Uncovering the magic: How serverless platforms really work!

Markus Thömmes
Apache OpenWhisk
Published in
7 min readOct 11, 2016

Working with a serverless platform like OpenWhisk almost feels like practicing black magic. You insert code and it just executes that code as often as you want and need. You never hit deploy. You never worry about scaling. You never manage anything around it. It. Just. Works. Witchcraft you say? Not exactly!

This article will explain what happens when you invoke an action in OpenWhisk. It’ll explain all the components of the OpenWhisk deployment and give you an overview of the roles played by each of them in the system. Today we’ll uncover the secret, ancient spells used underneath. Well, not really secret. OpenWhisk is open-source!

Being an open-source project, OpenWhisk stands on the shoulders of giants. And boy are those giants tall! Nginx, Kafka, Consul, Docker, CouchDB… They’ll all come together to form a “serverless event-based programming service”.

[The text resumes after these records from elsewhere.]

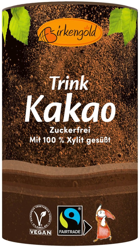 Cacaoa de la Birkengold este începutul perfect al zilei. Cacaoa de înaltă calitate certificată Fairtrade este îndulcită exclusiv cu xilitol european din coaja de mesteacăn și fag. Xilitolul este la fel de dulce și gustos ca zahărul, dar are o serie de proprietăți pozitive. În comparație cu zahărul, are cu 40% mai puține calorii. În plus, contribuie la mineralizarea dinților atunci când alimentele și băuturile sunt îndulcite cu xilitol în loc de zahăr.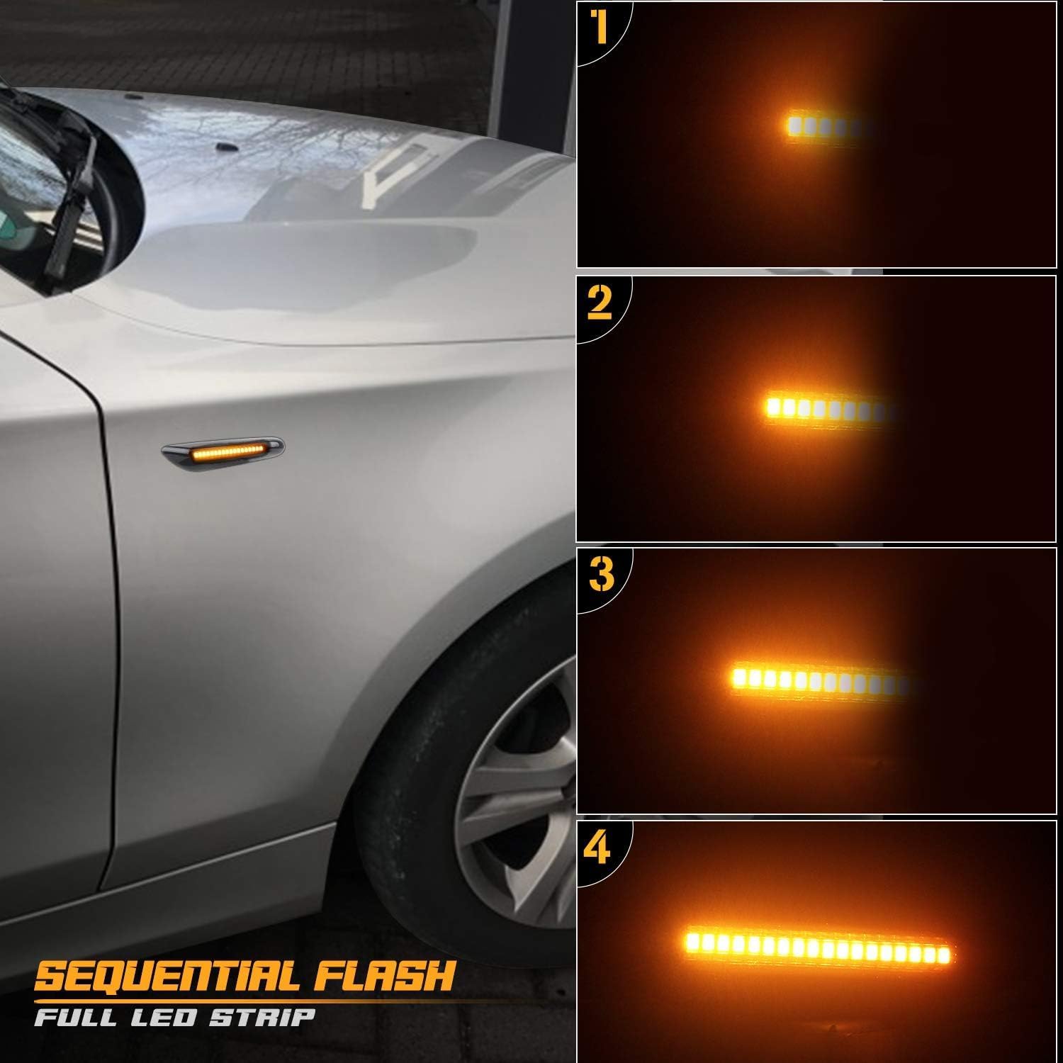 Smoked Lens Sequential LED Turn Signal Side Markers for BMW E90 E91 E92 E93 E46 E53 X3 E83 X1 E84 E81 E82 E87 E88, Pack of 2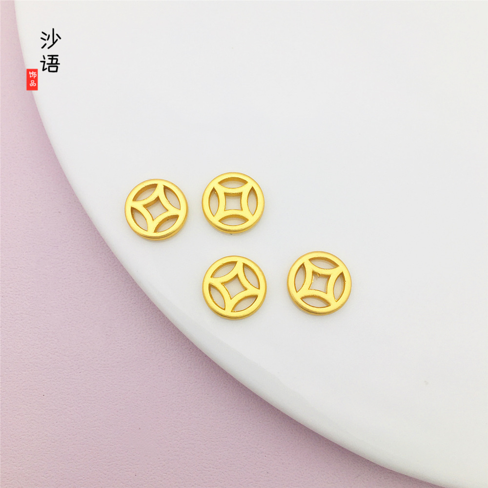 古法沙金色小铜钱隔片通孔配件diy国风手链钥匙饰品配件吊坠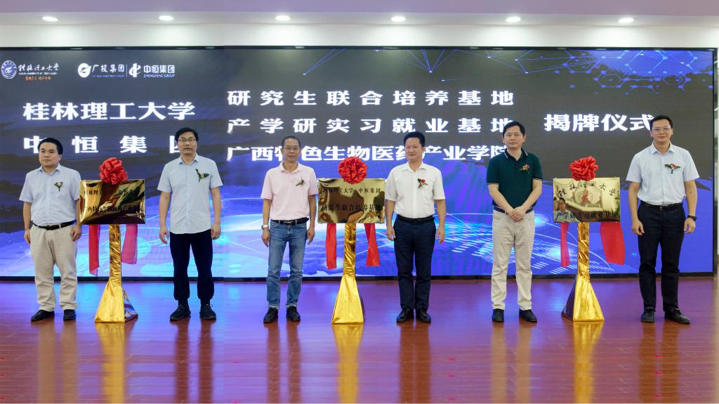 的到访表示热烈欢迎,并对双方开展的深度合作表示由衷期待。他表示,中恒集团与学校合作的初心不变,希望与学校在人才培养、产学研融合、实习就业等方面进行深度合作。随后,集团代表与学校代表共同上台,为研究生联合培养基地、产学研实习就业基地、广西特色生物医药产业学院揭牌。揭牌仪式后,方亮院长为企业导师颁发中恒集团研究生导师聘书。

To explain all the components in more detail, I’ll trace an invocation of an action through the system as it happens. An invocation in OpenWhisk is the core thing a serverless-engine does: Execute the code the user has fed into the system and return the results of that execution.

0. One thing at a time: Creating the action

To give the explanation a little bit of context, let’s create an action in the system first. I’ll use that action to explain the concepts later on while tracing through the system. The following commands assume that the OpenWhisk CLI is setup properly.

First, we’ll create a file action.js containing the following code which will print “Hello World” to stdout and return a JSON object containing “world” under the key “hello”.

function main() {
console.log('Hello World');
return { hello: 'world' };
}

We create that action using.

wsk action create myAction action.js

Done. Now we actually want to invoke that action. To do so, we type.

wsk action invoke myAction

Now… What actually happens behind the scenes in OpenWhisk?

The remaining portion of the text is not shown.